Texas Attorney General Ken Paxton has launched an investigation into Meta and Character.AI, accusing the companies of misleading children with AI-powered mental health tools “disguised as therapy.” Texas has issued civil investigative demands to probe possible consumer protection violations.
False advertising and deceptive trade practices
The investigation focuses on claims that the companies allowed AI chatbots to impersonate licensed mental health professionals, despite lacking medical credentials or oversight. In a press release, Paxton said some bots fabricated qualifications and presented themselves as legitimate counseling options.
Officials warned that such tactics risk deceiving children into thinking they are receiving professional care; instead, the advice is described as generic output tailored from personal data collected during chats.
Terms of service reviewed by investigators show interactions are logged and tracked, with the data allegedly funneled into advertising and algorithm development. According to Paxton, this conduct may amount to false advertising and deceptive trade practices.
Companies deny offering professional mental health services
Meta told TechCrunch that its AI tools are not substitutes for licensed therapists. The company said its chatbots display notices to remind users that answers come from artificial intelligence, not humans, and that they are built to encourage people to seek professional help when needed.
Character.AI made a similar argument, pointing out that chats are accompanied by messages clarifying that the bots are fictional. The AI firm said it applies additional warnings if a user creates a character with titles such as “doctor” or “therapist,” emphasizing that they should not be treated as real medical advice.
Families and lawmakers turn up the heat on Meta and Character.AI
Paxton’s probe adds to growing legal and political challenges confronting the two companies.

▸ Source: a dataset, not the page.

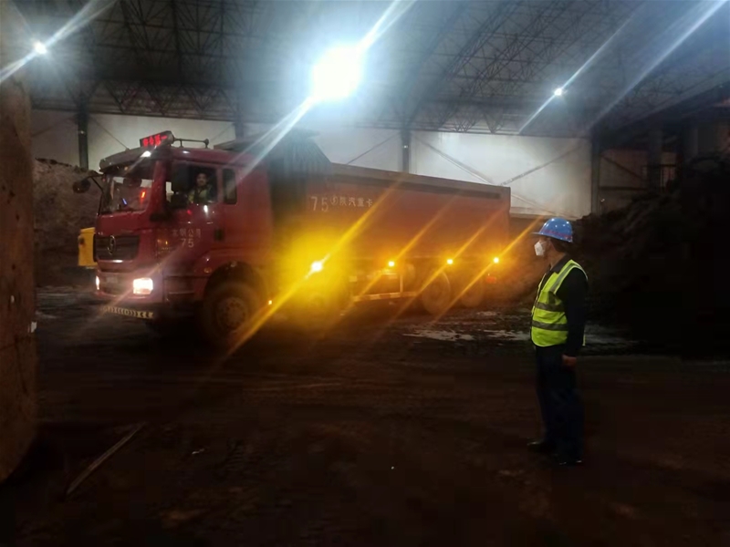 “喂,薛工,剛接到通知,需要將合力和陽光兩種焦炭進行混堆,但這配比當中兩個還是分開的。”物料管理作業(yè)區(qū)二班工長周武強一邊打電話一邊走出值班室。彼時是下午3點40分左右,他已經(jīng)將堆放焦炭的5個大棚整體巡查完一遍,安全帽下清晰可見一層晶瑩的汗珠。從平常的7種左右到如今的12個品種,后續(xù)進購可能要增加到15個品種,焦炭卸車、裝推車輛保障、場地規(guī)劃、人員安全等等,他事無巨細都要全盤考慮。由于進購廠家較多,車輛已經(jīng)在值班室東側(cè)分兩邊排開,有些后來的司機接到通知要去東湖渣場排隊,表現(xiàn)出極大地不情愿,他耐心地為司機做好解釋和引導(dǎo)。

Character.AI is already the target of lawsuits from families who say its chatbots endangered children, with a Florida mother blaming the platform for her 14-year-old son’s suicide, alleging a bot posed as a psychotherapist and romantic partner while repeatedly raising suicide.
Two other families accuse Character.AI of exposing minors to sexual content, encouraging self-harm, and even suggesting a teenager could kill his parents after screen-time restrictions.

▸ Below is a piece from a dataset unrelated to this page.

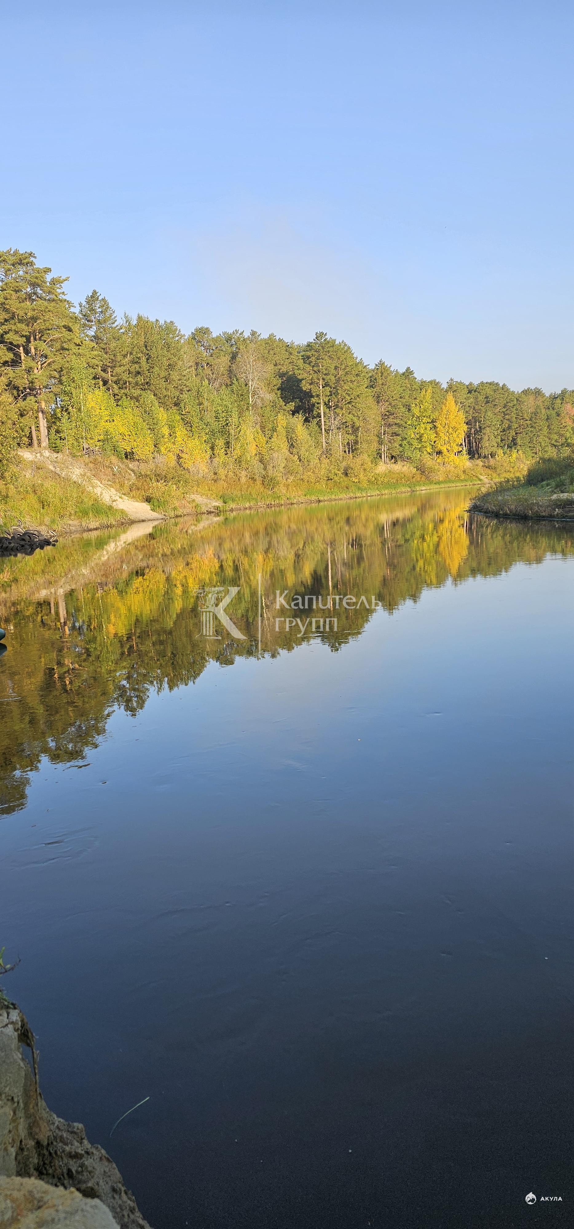 Земельный участок расположен среди красивейших природных ландшафтов в сосновом лесу на первой береговой линии реки Пышма. Участок окружен с трех сторон лесом, а с четвертой омывается рекой. Территория участка чуть более 1 Га. Также к участку примыкает полуостров с сосновым бором площадью около 2, 8 Га доступ на который возможен только через данный участок.

Meta has faced its own scrutiny. A Reuters investigation revealed an internal policy document that permitted its bots to engage in romantic exchanges with children, provide false medical advice, and generate racist content. Meta confirmed the document’s authenticity but later removed sections and admitted enforcement had been inconsistent.

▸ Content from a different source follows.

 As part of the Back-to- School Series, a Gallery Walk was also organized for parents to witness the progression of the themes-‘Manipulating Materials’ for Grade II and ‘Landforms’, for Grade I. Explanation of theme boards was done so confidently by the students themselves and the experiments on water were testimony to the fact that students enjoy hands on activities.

These drew the attention of Congress. Senators Alex Padilla and Peter Welch pressed AI firms, including Character.AI, for safety disclosures, warning that children risk harmful attachments to chatbots and may share sensitive information that the systems are unqualified to handle, while Senators Josh Hawley and Marsha Blackburn called for a federal investigation into Meta.
No technology is worth more than a child’s safety
As chatbots move from labs into everyday apps and messages, the risks land in the same places kids do.
When AI is accessible to virtually anyone, guardrails are no longer optional. Because when these tools reach children, the cost of failure is measured in lives.